Hi everyone,
I’m working with CUSOLVERRF.jl to solve multiple sparse linear systems on the GPU, using the high-level RFLU
API: GitHub - exanauts/CUSOLVERRF.jl: A Julia wrapper for cusolverRF
All systems share the same sparsity pattern, but have different matrix values. I’m trying to run multiple solves in parallel using Threads.@threads
. My goal is to have a code that is as fast as possible. At the moment I don’t want/can use CUDA itself.

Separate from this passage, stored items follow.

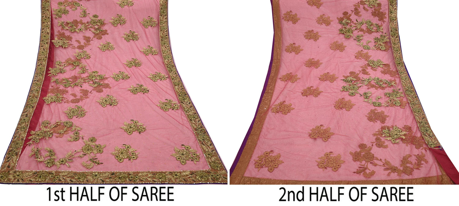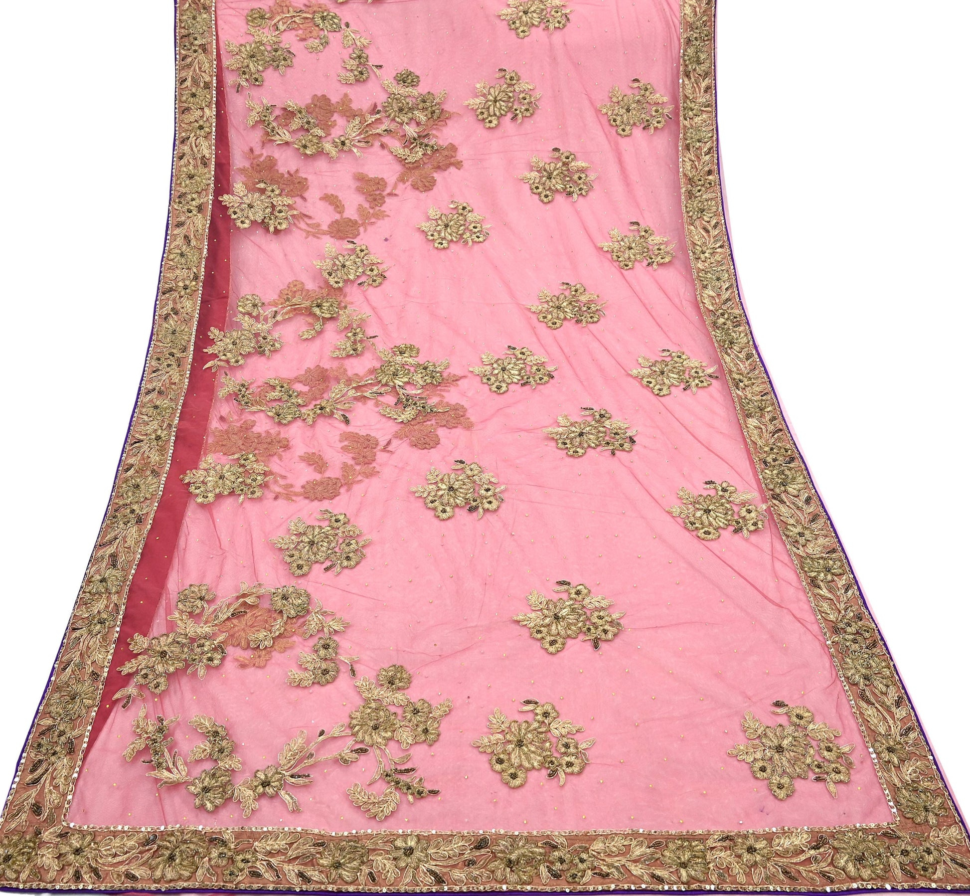 Indian Vintage Heavy Sari Pink Net/Mesh Hand Embroidered Sarees Craft Fabric 6Yd Sewing Soft Zardozi/Dabka Zari Sequins Wedding sarees
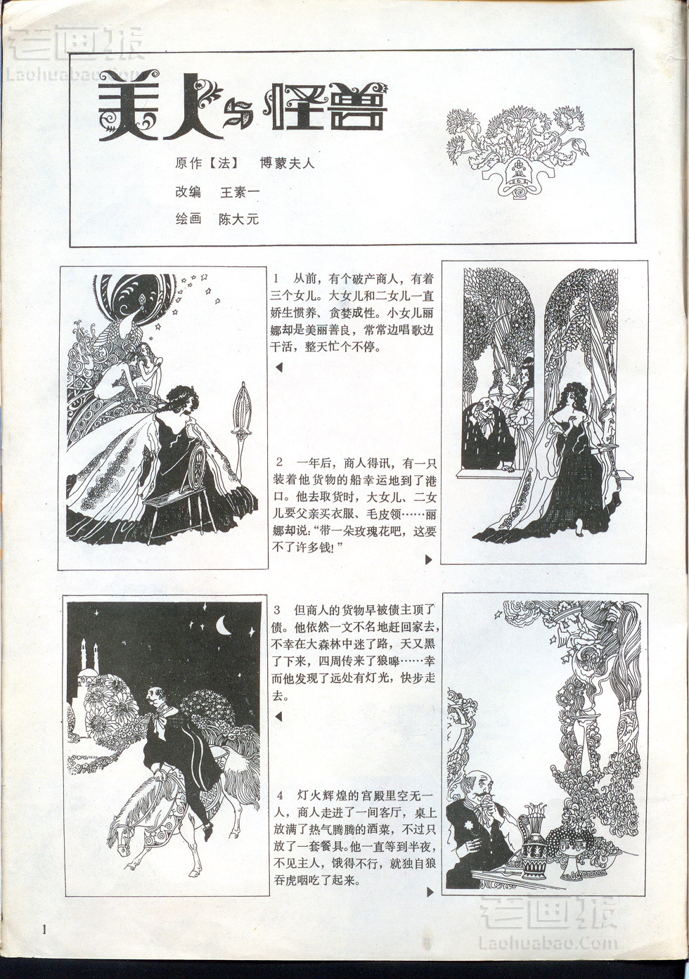 美人与怪兽 原著:[法]博蒙夫人 编文:王素一 绘画:陈大元 原载:万花筒连环画报 1987年2期 海阔中文网画报藏书扫描 1 2 3 4 目录 |<< < 上一页 下一页 > >>| 美人与怪兽 < 上一页下一页 >
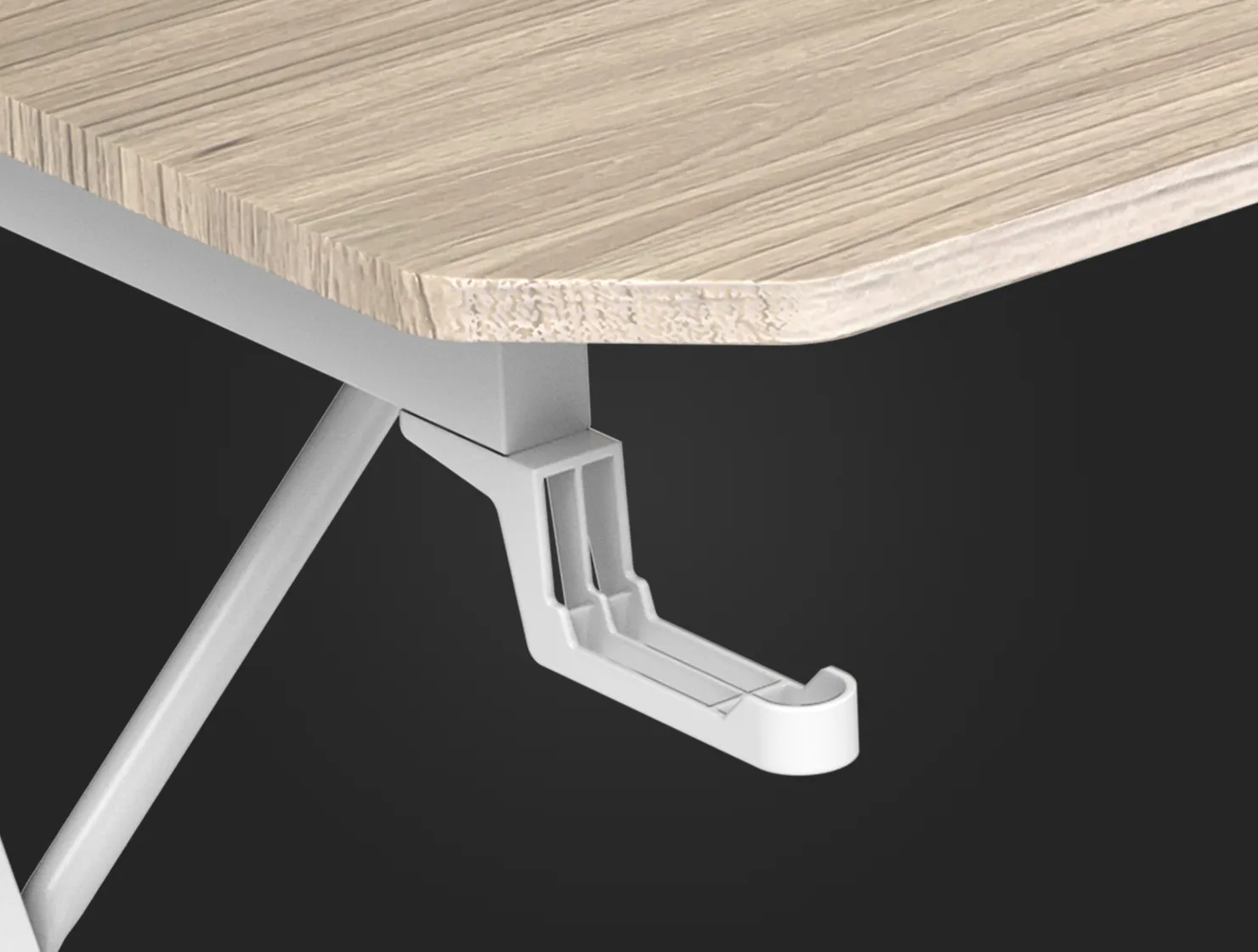 Для твоей гарнитуры тоже найдётся место. Вместо того, чтобы размещать ее на рабочей поверхности, повесь на выдвижной крюк. Быстрый доступ и порядок за столом тебе обеспечены.
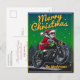 Santa Claus Rides On A Motorcycle Merry Christmas Holiday Postcard
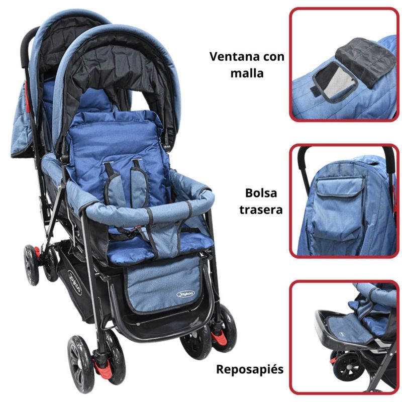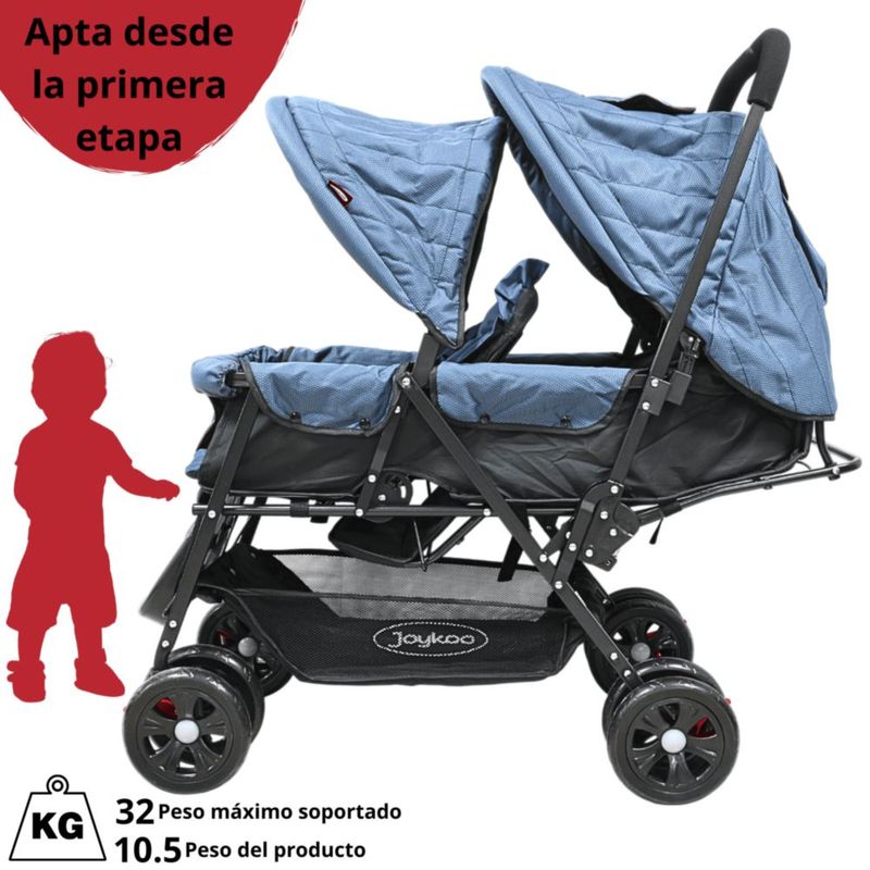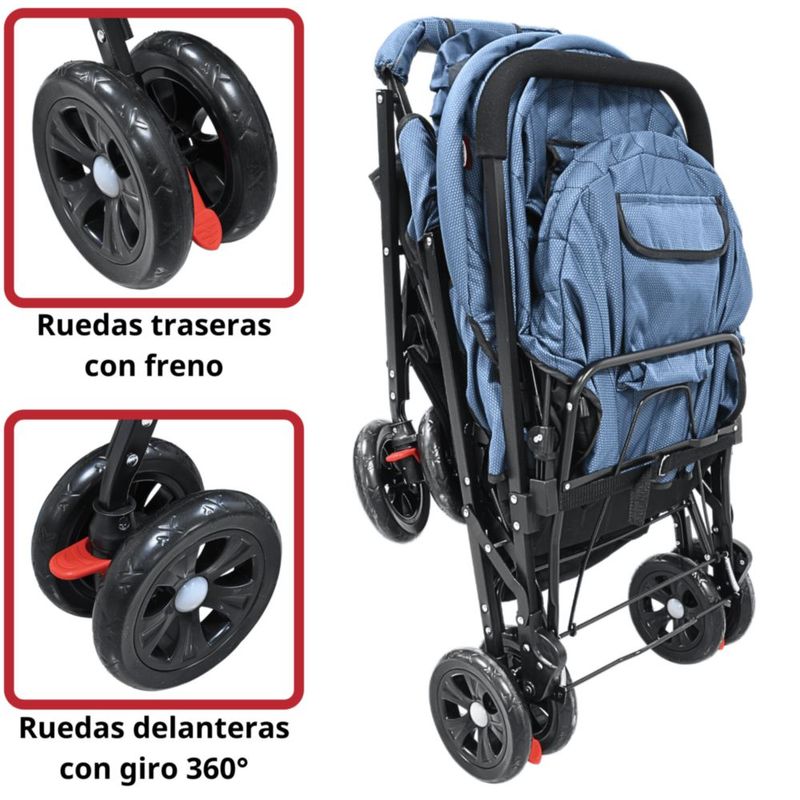 Carriola Doble para Bebés Gemelar Plegable con Asientos Reclinables Apta desde 0 Meses Soporta hasta 32 kg - Azul
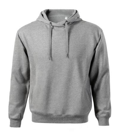 bez etikety - pripravené na rebranding, voľný strih s bočnými švami, kapucňa s podšívkou, na stiahnutie šnúrkou, neutrálny veľkostný štítok v bočnej časti priekrčníka, vnútorná časť priekrčníka začistená páskou vo farbe povrchového materiálu, nízkohlavicové rukávy, lištové vrecká v štýle klokanky, dolný lem a manžety rukávov z rebrového úpletu 2:2 s 5 % elastanu, vnútorná strana počesaná
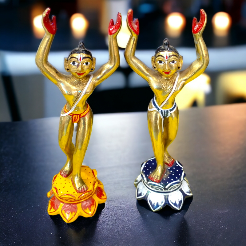 These deities are made from brass and are hand painted. They are 20cm tall and solid on the inside. There is carved jewellery on the deities. Very sweet deities to worship.
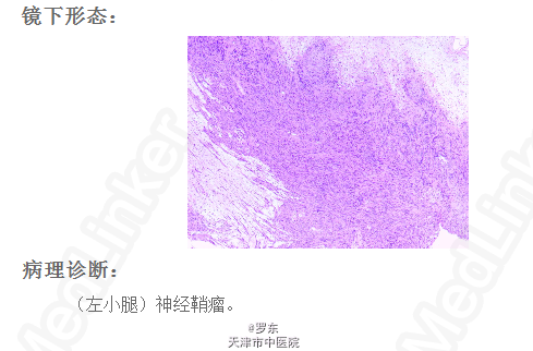 患者,男,35岁,因“发现左小腿病损3年”入院。 患者3年前无明显诱因下出现左小腿一肿块,当时如豌豆大小,遂前往当地医院检查,B超提示左小腿一1.0*1.0CM肿块,当时未予重视,近3年来肿块逐渐增大,且患者偶感左小腿酸胀不适.
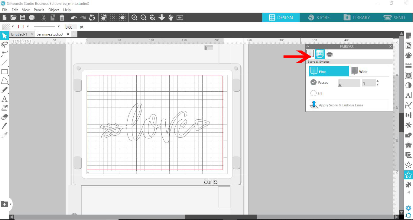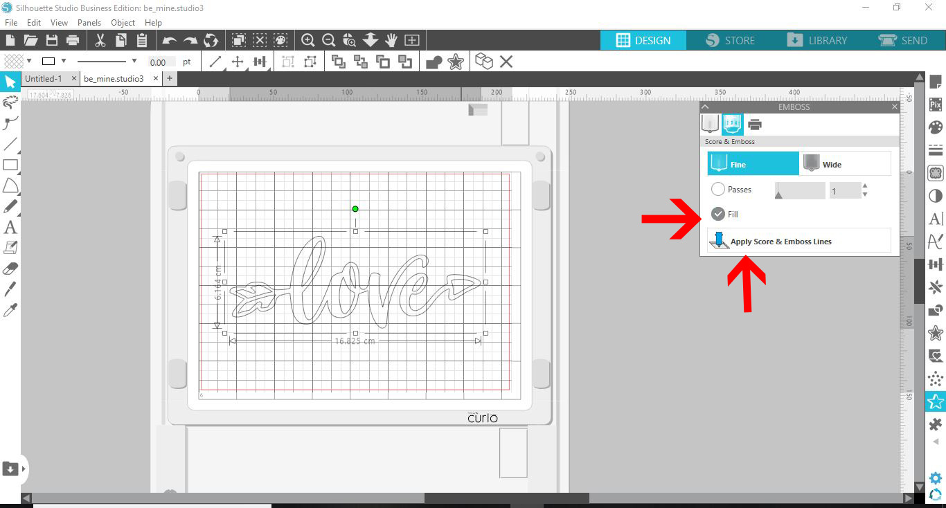 6- Check on the fill option. Then select the apply score and emboss line icon.
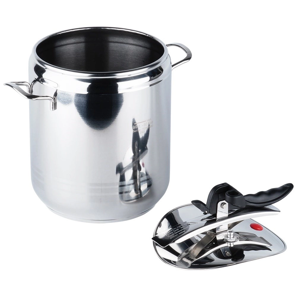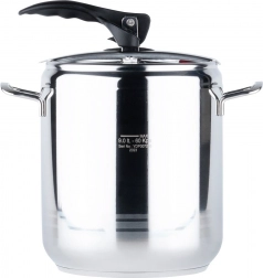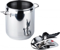 Masivní provedení z kvalitní nerezové oceli, 3vrstvé sendvičové dno pro rovnoměrnou distribuci tepla a možnost regulace tlaku přináší skvělé výsledky na plynových, elektrických, sklokeramických, halogenových i indukčních varných deskách. Hrnec se snadno ovládá a díky dvěma bezpečnostním ventilům a spolehlivému uzavíracímu mechanismu vaříte s klidem. Tělo je vhodné do myčky nádobí (víko doporučujeme mýt ručně).
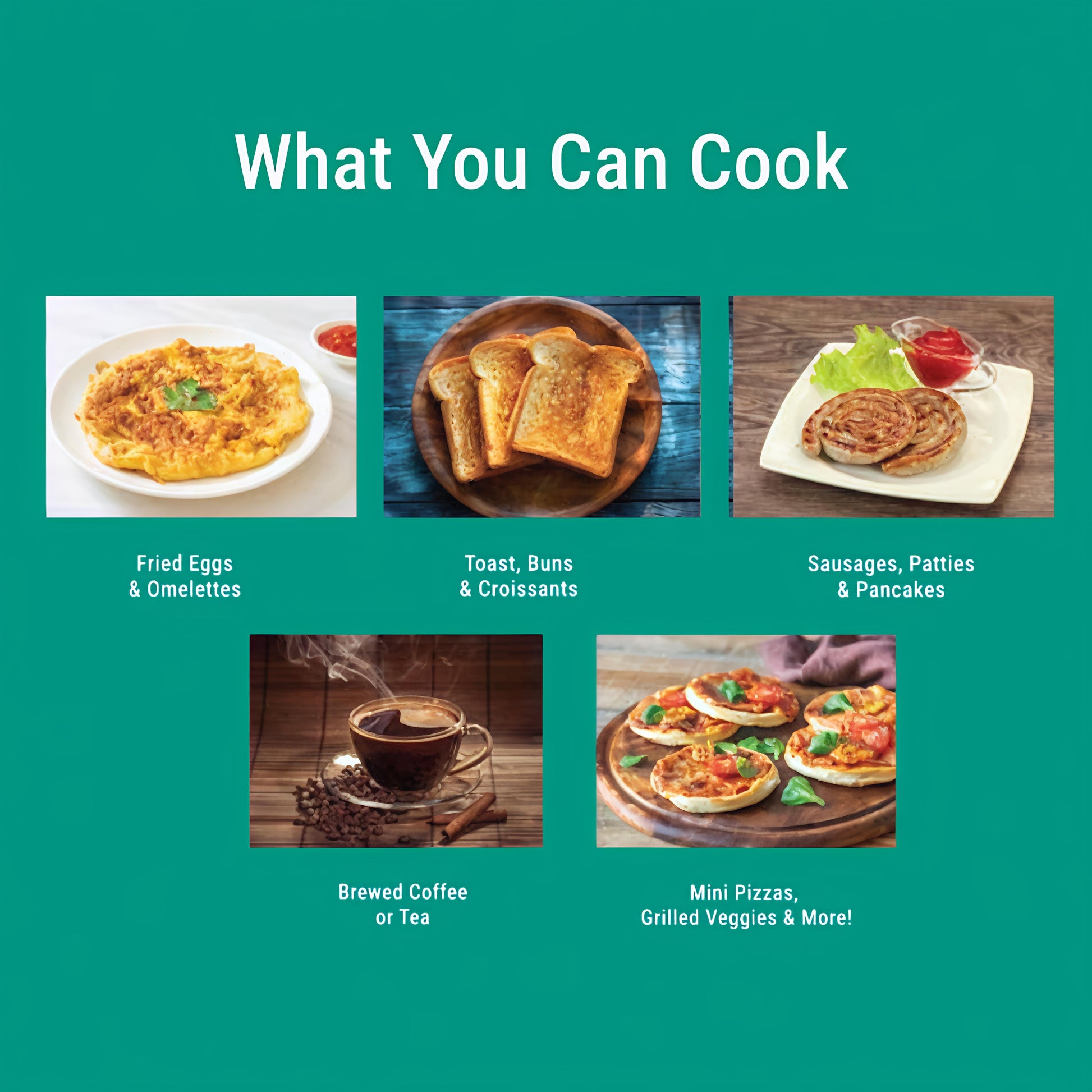 - What You Can Cook:Brewed Coffee or Tea,Fried Eggs, Omelettes, Sausages & Pancakes,Toast, Buns & Croissants,Mini Pizzas, Grilled Veggies, and More
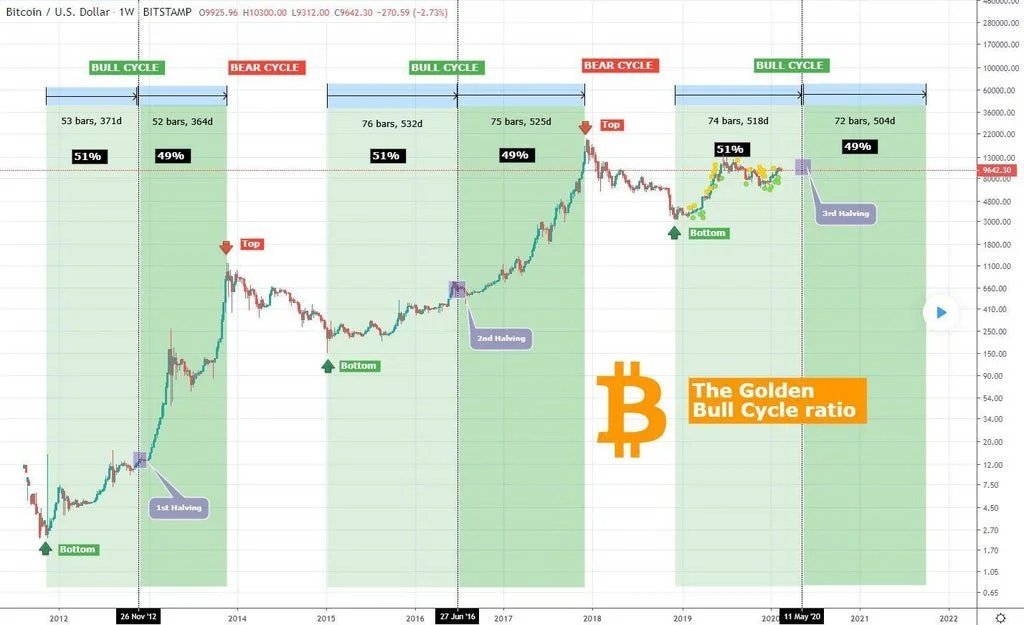 “比特币熊市平均持续12.5个月。这被称为黄金牛市周期比率,”满怀希望的开发者James Bull在周末评论道。
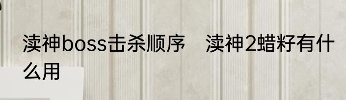渎神boss击杀顺序 渎神2蜡籽有什么用
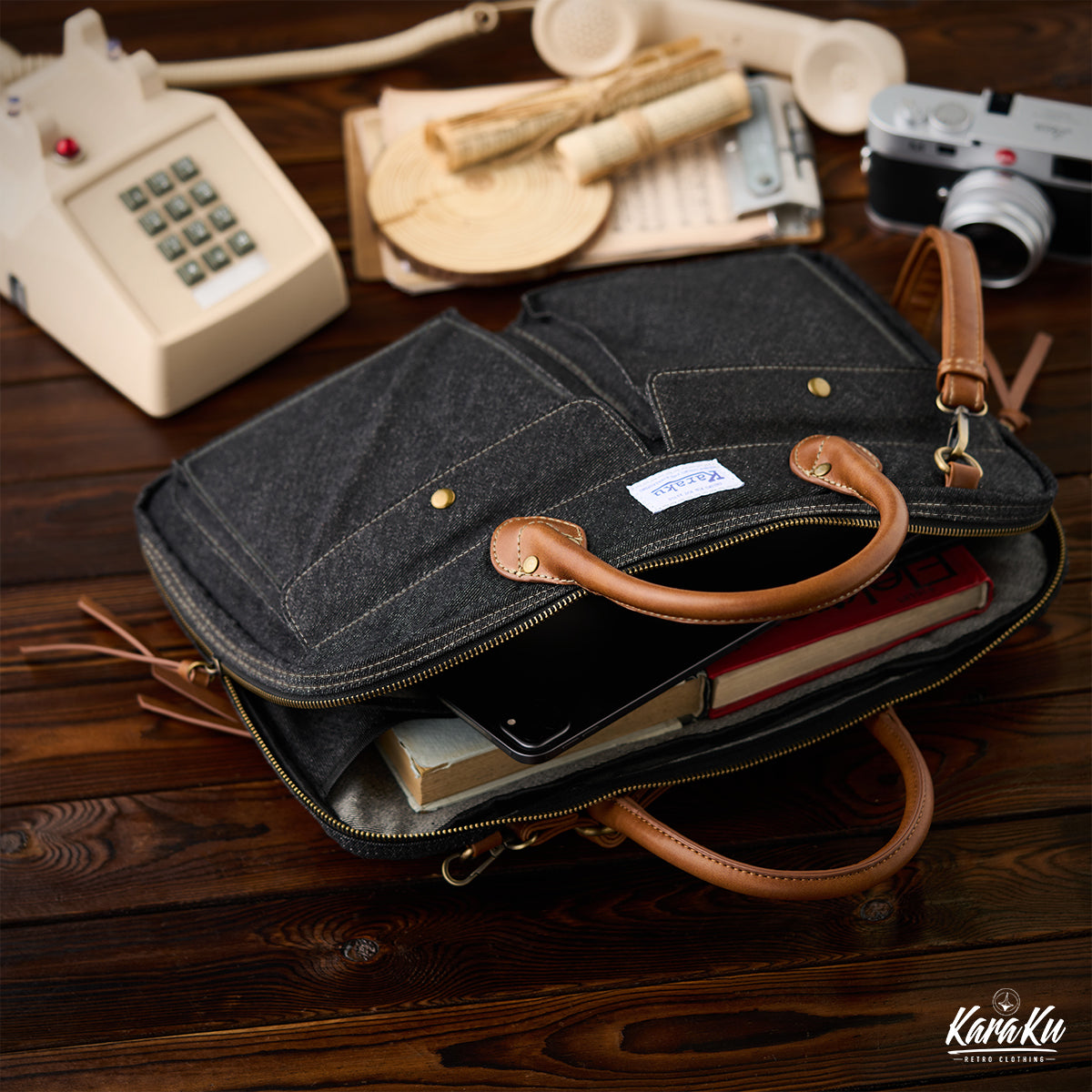 세련된 디자인과 실용성을 갖춘 Karaku 서류 가방, 넉넉한 수납과 노트북 보호 기능으로 다양한 스타일에 어울립니다.

Typical code I’m using (works serially):
rf = RFLU(dA; symbolic=:RF) # only once
for i in 1:N
dA.nzVal .= new_values[i] # update matrix values
lu!(rf, dA) # update numeric factorization
copyto!(db, b[i]) # copy RHS
ldiv!(rf, db) # solve A*x = b
end
This works great in serial.
What I want to do:
Run this loop in parallel using @threads
to speed up processing of many systems:
rf = RFLU(dA; symbolic=:RF) # only once
@threads for i in 1:N
dA.nzVal .= new_values[i]
lu!(rf, dA)
copyto!(db, b[i])
ldiv!(rf, db)
end
But this leads to wrong results because the rf
object is not thread-safe. I can’t work with locks or similar methods to avoid data-races because that would lead to a serial execution.
My question
Is there a safe and efficient way to reuse the same RFLU
symbolic factorization across threads? With these points in mind:
- Can I clone
rf
so that each thread has its own copy of the numeric buffers, but reuses the symbolic structure? Copying does not work. - I want to avoid calling
RFLU(dA)
in each thread, because that recomputes the symbolic factorization and is slow.
Any suggestions or workarounds would be really appreciated.
Thanks in advance!